What the task asks => Note the line containing "Artist Sterling Silver"; from it through the last line below, give only those lines again, exactly, both ends included, skipping pictures.

· · ·

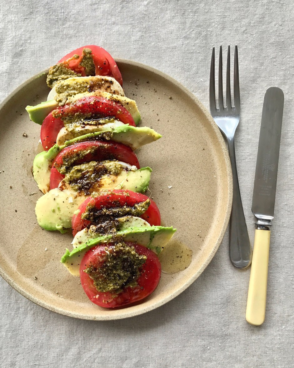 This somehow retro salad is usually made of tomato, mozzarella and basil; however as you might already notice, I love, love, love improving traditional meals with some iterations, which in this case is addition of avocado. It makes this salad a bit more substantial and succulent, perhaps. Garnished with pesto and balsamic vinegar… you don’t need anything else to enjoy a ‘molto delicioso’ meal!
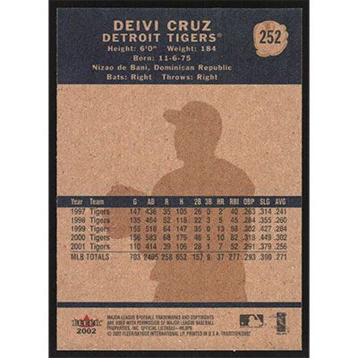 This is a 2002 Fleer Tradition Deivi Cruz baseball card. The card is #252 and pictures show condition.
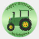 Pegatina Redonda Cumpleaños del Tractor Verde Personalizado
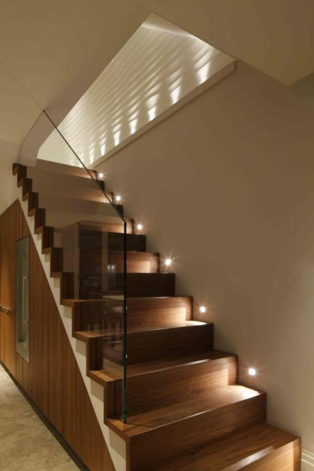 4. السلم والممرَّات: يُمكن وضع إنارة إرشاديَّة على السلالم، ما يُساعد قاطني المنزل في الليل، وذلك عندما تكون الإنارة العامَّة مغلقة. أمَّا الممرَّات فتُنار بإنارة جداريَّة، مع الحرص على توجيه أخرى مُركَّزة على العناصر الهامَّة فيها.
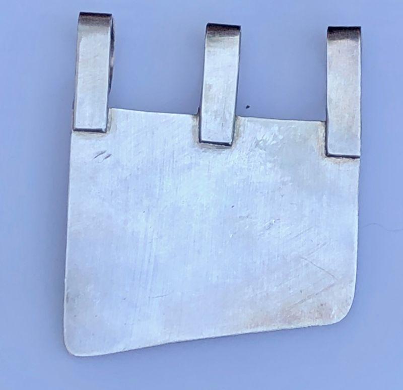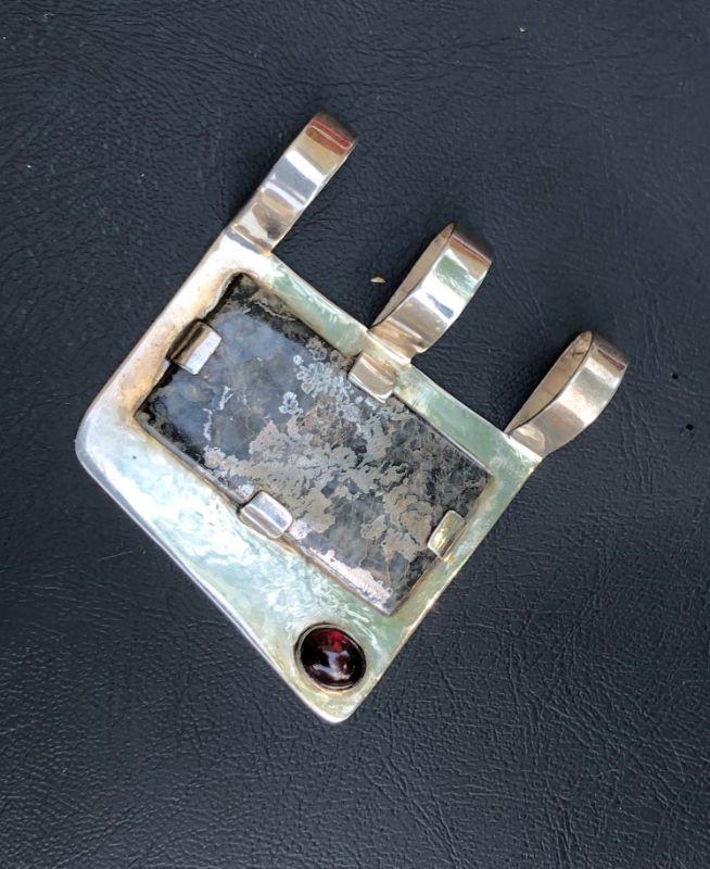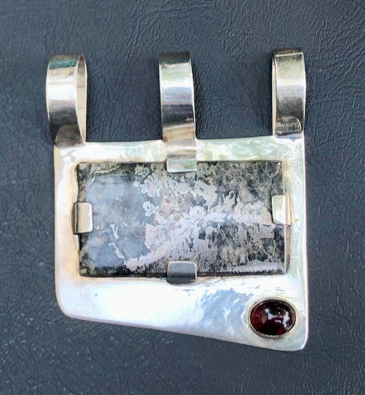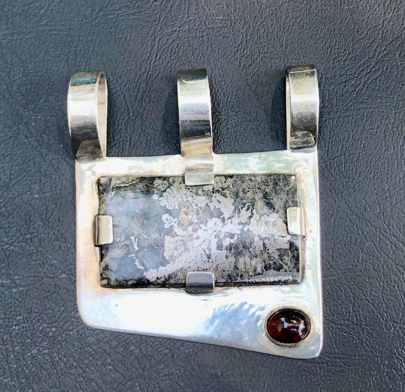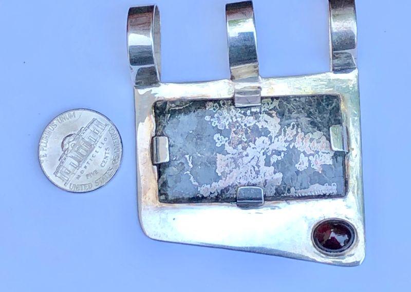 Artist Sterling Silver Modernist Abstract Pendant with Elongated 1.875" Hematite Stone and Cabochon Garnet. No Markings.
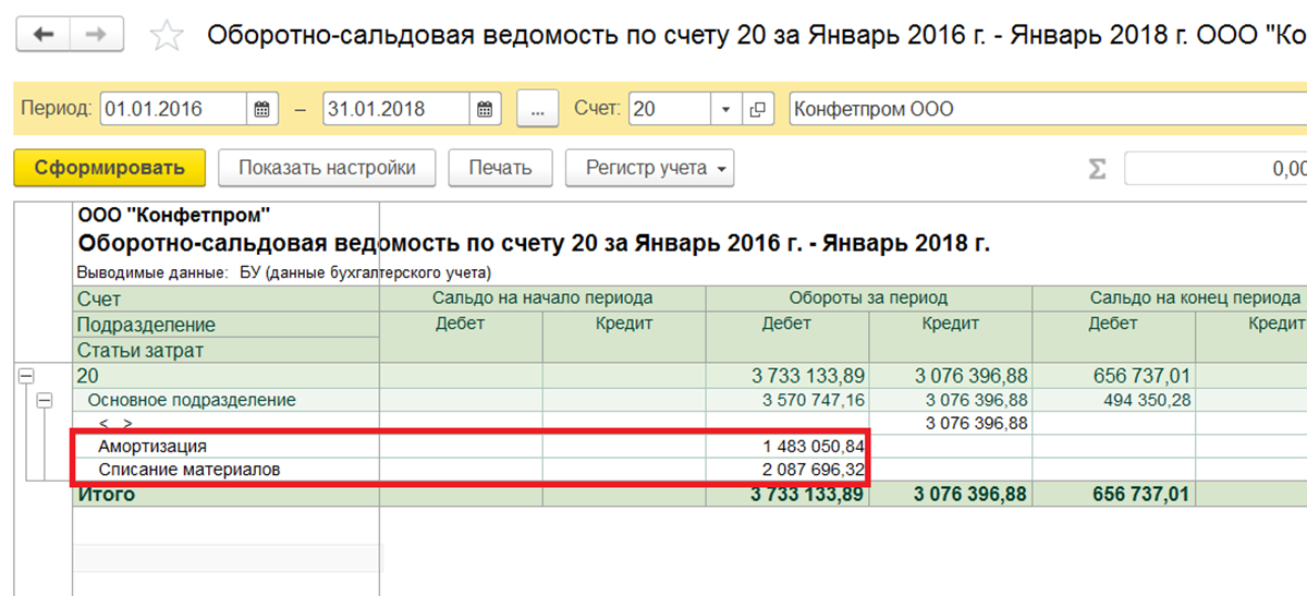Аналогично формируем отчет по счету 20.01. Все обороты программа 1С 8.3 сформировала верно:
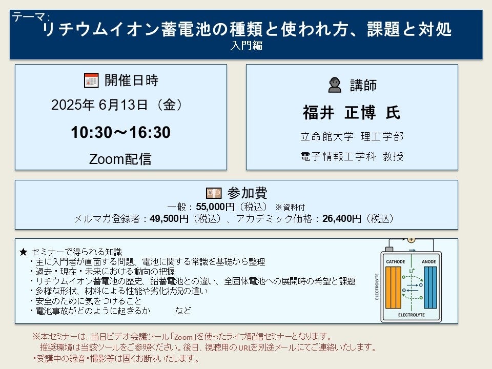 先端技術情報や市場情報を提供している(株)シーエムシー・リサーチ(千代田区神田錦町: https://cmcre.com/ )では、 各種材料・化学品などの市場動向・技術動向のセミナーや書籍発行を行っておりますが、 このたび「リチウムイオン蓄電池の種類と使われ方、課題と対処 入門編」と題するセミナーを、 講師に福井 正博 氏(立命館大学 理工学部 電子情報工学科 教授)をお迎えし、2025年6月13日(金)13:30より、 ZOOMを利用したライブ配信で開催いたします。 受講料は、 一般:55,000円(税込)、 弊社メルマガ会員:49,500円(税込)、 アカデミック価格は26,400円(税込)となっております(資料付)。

· · ·

Exercise answer =>
 Artist Sterling Silver Modernist Abstract Pendant with Elongated 1.875" Hematite Stone and Cabochon Garnet. No Markings.
Аналогично формируем отчет по счету 20.01. Все обороты программа 1С 8.3 сформировала верно:
 先端技術情報や市場情報を提供している(株)シーエムシー・リサーチ(千代田区神田錦町: https://cmcre.com/ )では、 各種材料・化学品などの市場動向・技術動向のセミナーや書籍発行を行っておりますが、 このたび「リチウムイオン蓄電池の種類と使われ方、課題と対処 入門編」と題するセミナーを、 講師に福井 正博 氏(立命館大学 理工学部 電子情報工学科 教授)をお迎えし、2025年6月13日(金)13:30より、 ZOOMを利用したライブ配信で開催いたします。 受講料は、 一般:55,000円(税込)、 弊社メルマガ会員:49,500円(税込)、 アカデミック価格は26,400円(税込)となっております(資料付)。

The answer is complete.